Thomas Wright, PhD Candidate in Anthropology at The University of Queensland has written an article picked up by The Sunday Morning Herald highlighting a potential crisis for Bali.

80% of the Balinese economy depends on tourism.  “For thrill seekers and chill seekers” is the new tagline for the freshly rebranded holiday destination.  They might add “but not for the thirsty”.
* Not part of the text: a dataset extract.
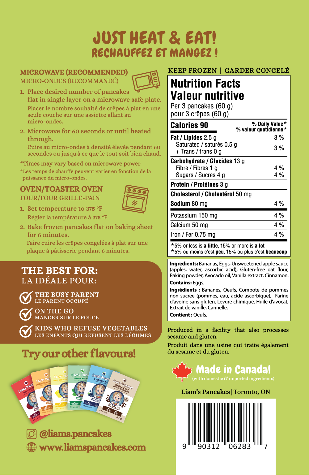 Ingredients: banana, eggs, unsweetened apple sauce, gluten free oat flour, vanilla, baking powder, cinnamon, avocado oil

60% of Bali’s water is consumed by the tourism industry.  As the number of tourists grows, so does demand for water.  Most households have wells up to 40 metres deep.  Resorts are believed to be drilling deeper wells to 60 metres and more.  This in turn forces others to dig deeper or look elsewhere for freshwater.  It’s a race to the bottom.  Water tables across Bali have dropped up to 50 metres in the past 10 years and 60% per cent of its watersheds are declared dry.  As aquifers drain, it raises the possibility of saltwater intrusion.  This would render the groundwater useless for domestic purposes.

The Bali Water Protection Program is piloting solutions to ameliorate the risk.  The plan is to use more than 100 rainwater gravity-fed well systems strategically located in 13 locations across Bali to recharge aquifers.  The technique has also been used in India.

Something has to be done if more visitors are to be accommodated sustainably in Paradise.